» WHAT THE TASK ASKS
A verbatim reproduction of the following listing is required; omit the pictures.

- Opening Delimiter -

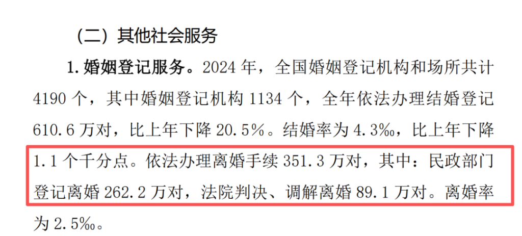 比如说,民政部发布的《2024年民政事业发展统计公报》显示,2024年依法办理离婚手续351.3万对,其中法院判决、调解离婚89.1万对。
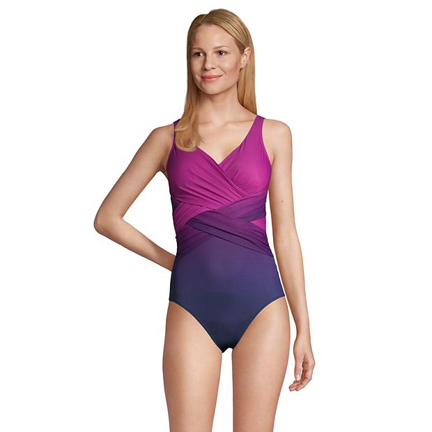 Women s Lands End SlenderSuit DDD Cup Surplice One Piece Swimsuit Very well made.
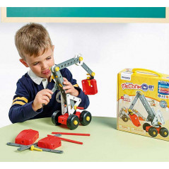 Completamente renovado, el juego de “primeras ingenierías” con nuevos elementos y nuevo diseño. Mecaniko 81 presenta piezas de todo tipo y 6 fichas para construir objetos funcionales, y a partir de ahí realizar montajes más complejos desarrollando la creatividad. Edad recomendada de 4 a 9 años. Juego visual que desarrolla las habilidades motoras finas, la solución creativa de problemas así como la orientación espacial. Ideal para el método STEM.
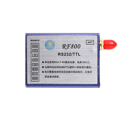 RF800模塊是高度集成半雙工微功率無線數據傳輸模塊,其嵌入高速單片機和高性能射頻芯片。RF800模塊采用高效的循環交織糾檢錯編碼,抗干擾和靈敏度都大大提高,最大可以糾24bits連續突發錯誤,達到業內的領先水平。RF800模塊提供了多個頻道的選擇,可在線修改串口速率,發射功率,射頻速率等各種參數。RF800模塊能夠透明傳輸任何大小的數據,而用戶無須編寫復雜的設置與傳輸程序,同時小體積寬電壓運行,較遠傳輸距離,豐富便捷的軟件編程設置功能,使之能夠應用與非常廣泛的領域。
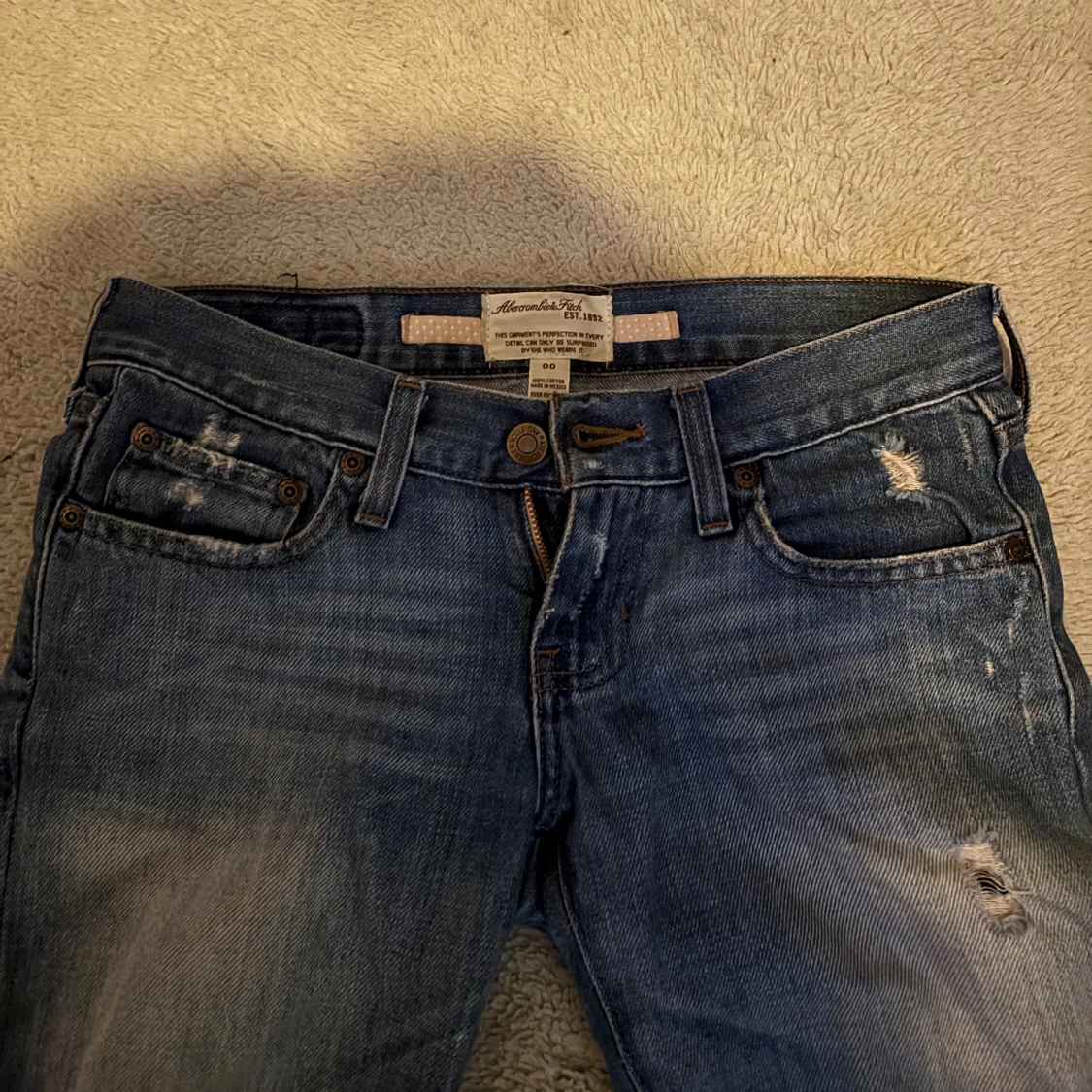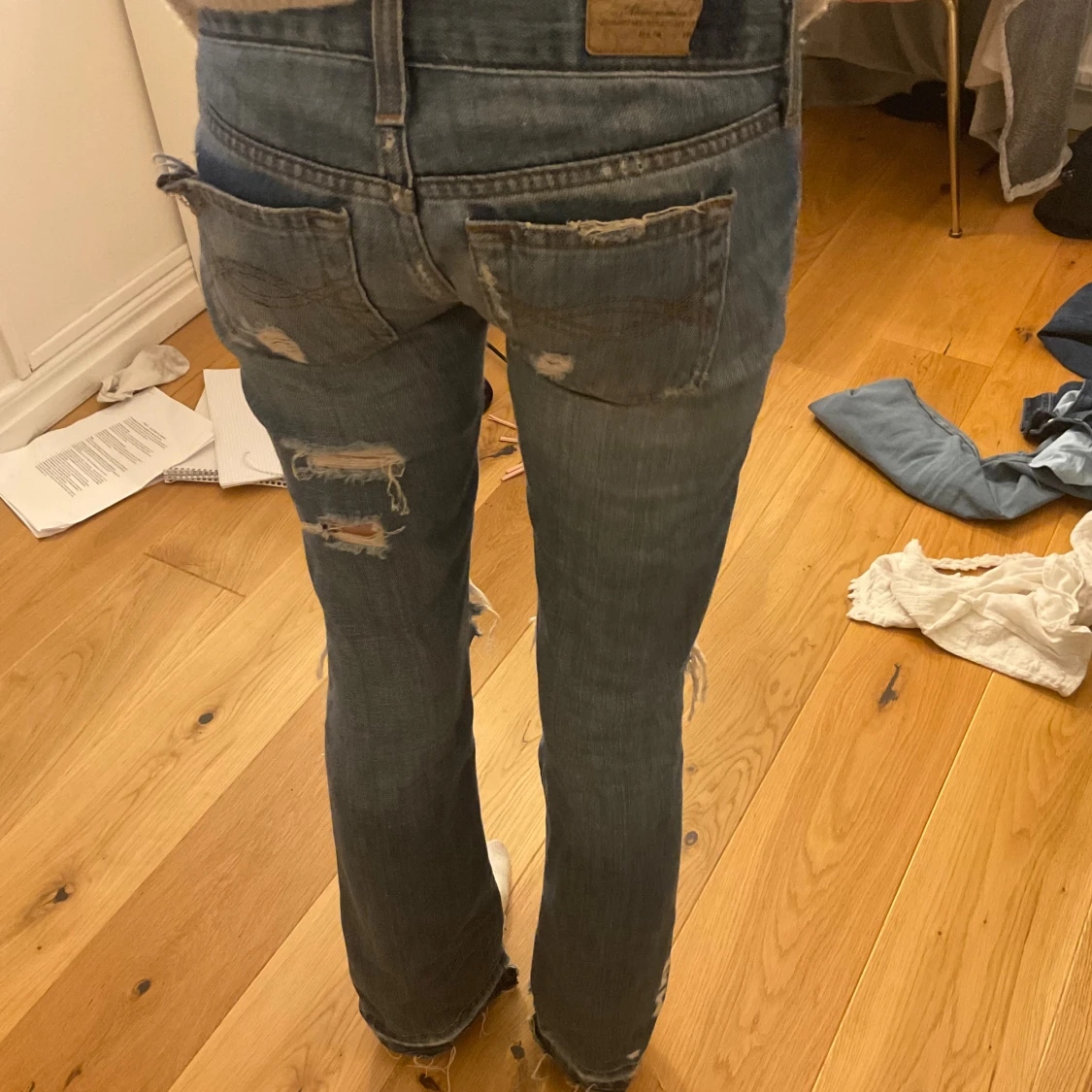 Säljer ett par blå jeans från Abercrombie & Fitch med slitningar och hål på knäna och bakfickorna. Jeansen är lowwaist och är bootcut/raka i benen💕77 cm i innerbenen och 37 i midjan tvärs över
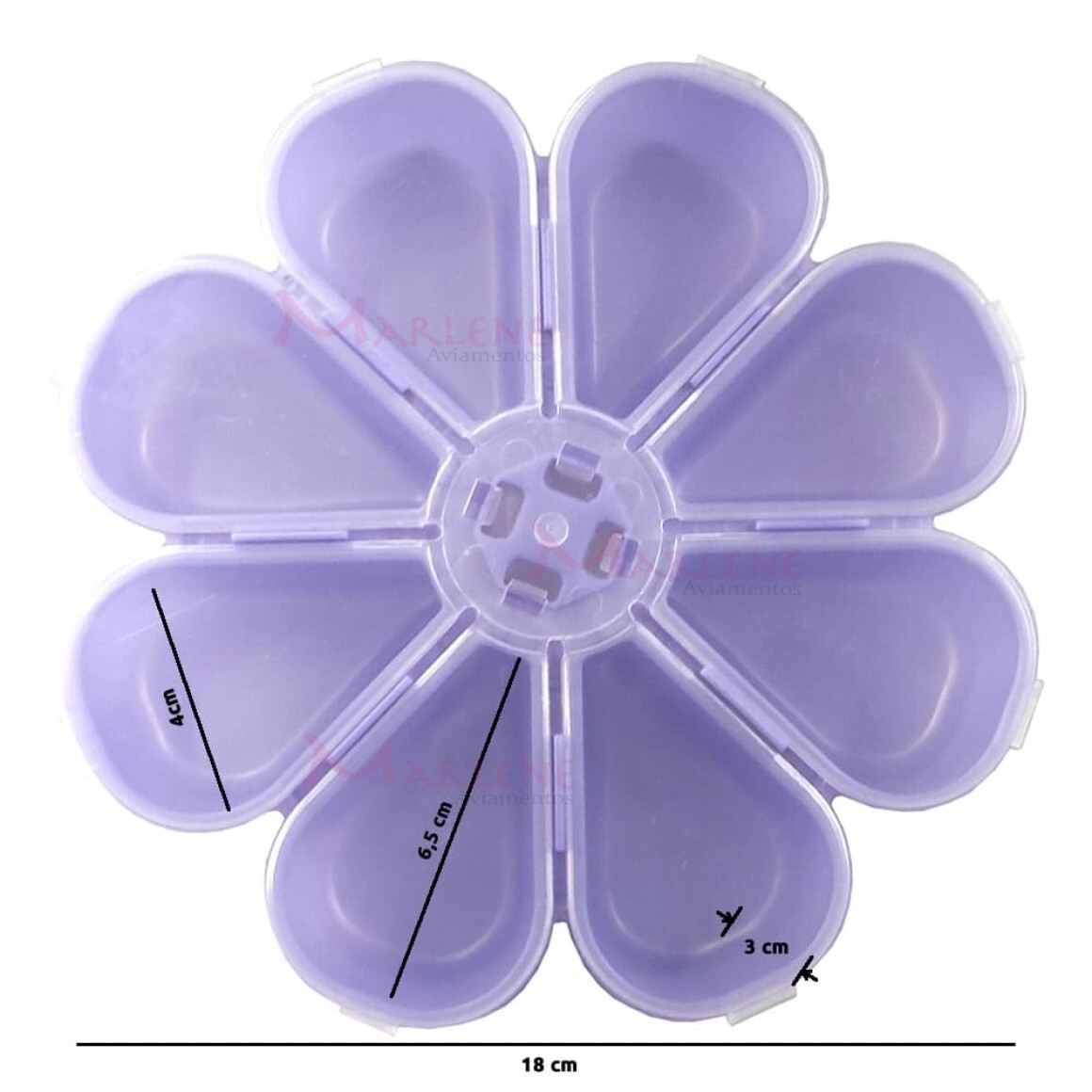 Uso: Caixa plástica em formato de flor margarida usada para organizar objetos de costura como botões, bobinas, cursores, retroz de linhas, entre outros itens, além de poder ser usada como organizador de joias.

- Closing Delimiter -

» TASK SOLUTION
 比如说,民政部发布的《2024年民政事业发展统计公报》显示,2024年依法办理离婚手续351.3万对,其中法院判决、调解离婚89.1万对。
 Women s Lands End SlenderSuit DDD Cup Surplice One Piece Swimsuit Very well made.
 Completamente renovado, el juego de “primeras ingenierías” con nuevos elementos y nuevo diseño. Mecaniko 81 presenta piezas de todo tipo y 6 fichas para construir objetos funcionales, y a partir de ahí realizar montajes más complejos desarrollando la creatividad. Edad recomendada de 4 a 9 años. Juego visual que desarrolla las habilidades motoras finas, la solución creativa de problemas así como la orientación espacial. Ideal para el método STEM.
 RF800模塊是高度集成半雙工微功率無線數據傳輸模塊,其嵌入高速單片機和高性能射頻芯片。RF800模塊采用高效的循環交織糾檢錯編碼,抗干擾和靈敏度都大大提高,最大可以糾24bits連續突發錯誤,達到業內的領先水平。RF800模塊提供了多個頻道的選擇,可在線修改串口速率,發射功率,射頻速率等各種參數。RF800模塊能夠透明傳輸任何大小的數據,而用戶無須編寫復雜的設置與傳輸程序,同時小體積寬電壓運行,較遠傳輸距離,豐富便捷的軟件編程設置功能,使之能夠應用與非常廣泛的領域。
 Säljer ett par blå jeans från Abercrombie & Fitch med slitningar och hål på knäna och bakfickorna. Jeansen är lowwaist och är bootcut/raka i benen💕77 cm i innerbenen och 37 i midjan tvärs över
 Uso: Caixa plástica em formato de flor margarida usada para organizar objetos de costura como botões, bobinas, cursores, retroz de linhas, entre outros itens, além de poder ser usada como organizador de joias.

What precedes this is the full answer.